## Work required:
Please print exactly the lines below, from the start of the material up to and including the line with "Bi-fabric jacket with", but none of the pictures.

## The data:
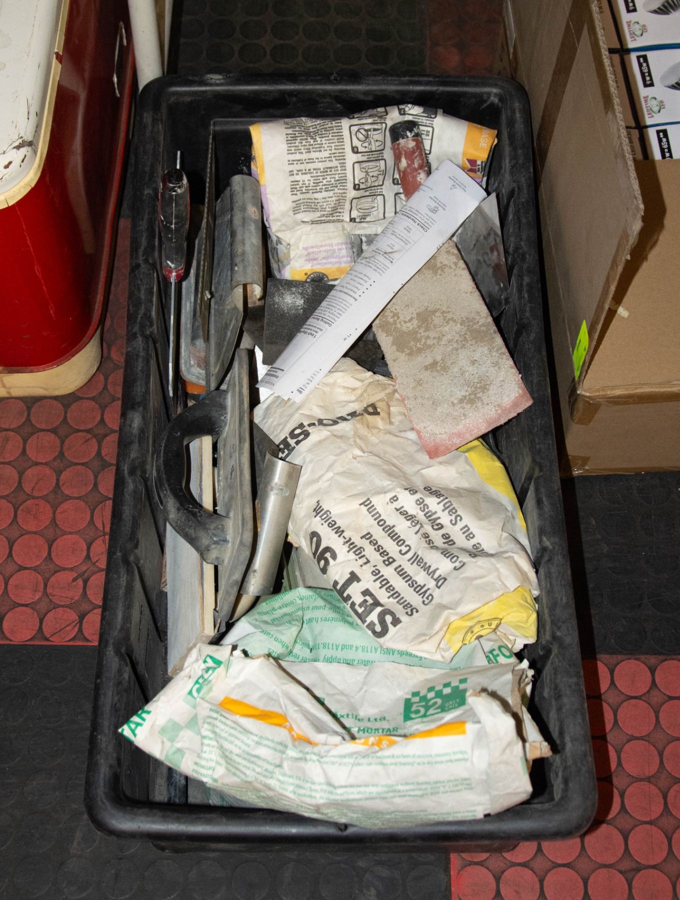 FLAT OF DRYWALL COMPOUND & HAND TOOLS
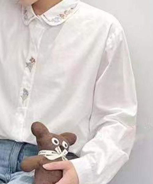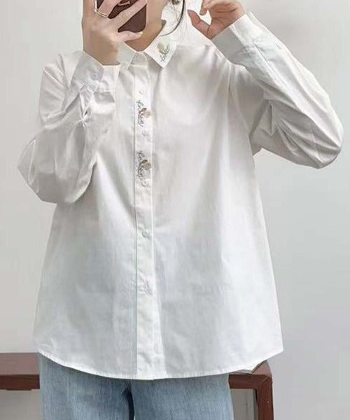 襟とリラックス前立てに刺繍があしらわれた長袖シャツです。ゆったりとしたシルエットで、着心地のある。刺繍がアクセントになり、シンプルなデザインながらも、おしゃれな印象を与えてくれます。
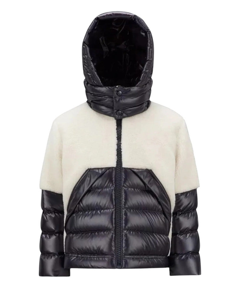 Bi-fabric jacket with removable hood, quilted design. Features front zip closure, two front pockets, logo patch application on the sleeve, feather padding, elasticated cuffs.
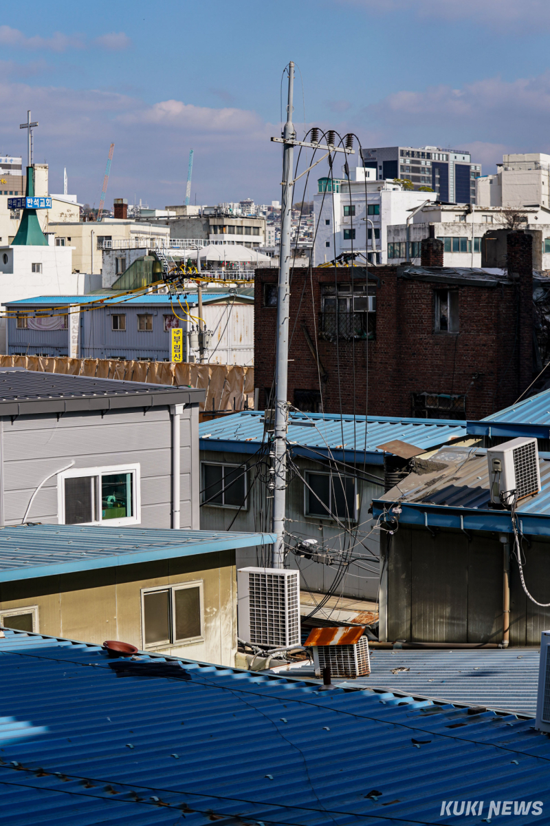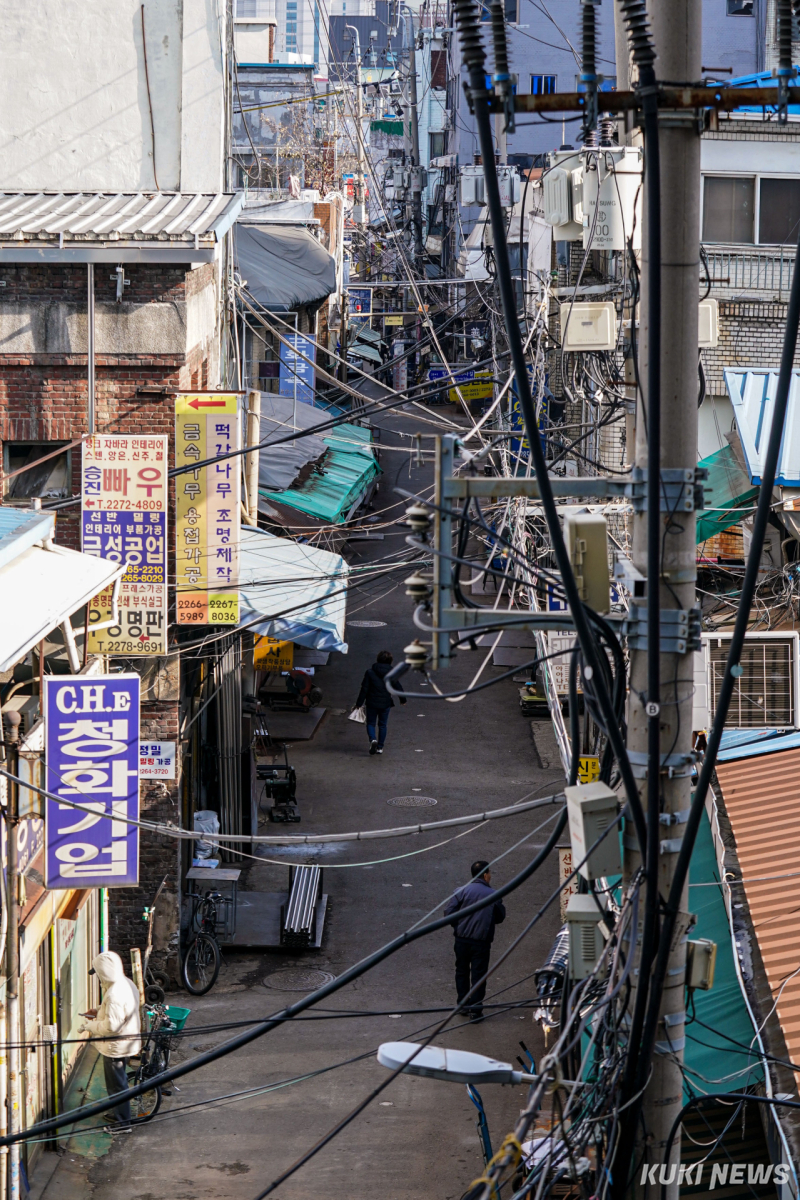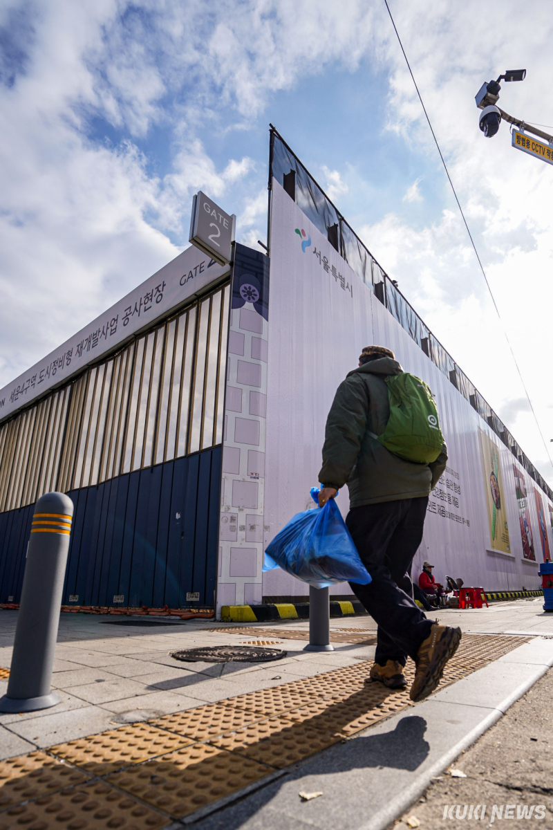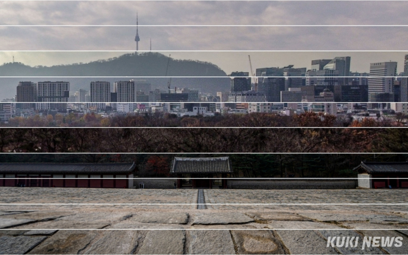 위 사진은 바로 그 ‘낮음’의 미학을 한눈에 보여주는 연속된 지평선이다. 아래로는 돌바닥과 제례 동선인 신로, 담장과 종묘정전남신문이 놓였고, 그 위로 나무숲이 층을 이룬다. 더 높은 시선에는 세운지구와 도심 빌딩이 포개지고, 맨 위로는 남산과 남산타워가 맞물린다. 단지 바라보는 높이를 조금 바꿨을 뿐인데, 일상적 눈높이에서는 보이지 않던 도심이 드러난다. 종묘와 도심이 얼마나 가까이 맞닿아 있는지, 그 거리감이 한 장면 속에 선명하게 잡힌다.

## Result of this exercise:
 FLAT OF DRYWALL COMPOUND & HAND TOOLS
 襟とリラックス前立てに刺繍があしらわれた長袖シャツです。ゆったりとしたシルエットで、着心地のある。刺繍がアクセントになり、シンプルなデザインながらも、おしゃれな印象を与えてくれます。
 Bi-fabric jacket with removable hood, quilted design. Features front zip closure, two front pockets, logo patch application on the sleeve, feather padding, elasticated cuffs.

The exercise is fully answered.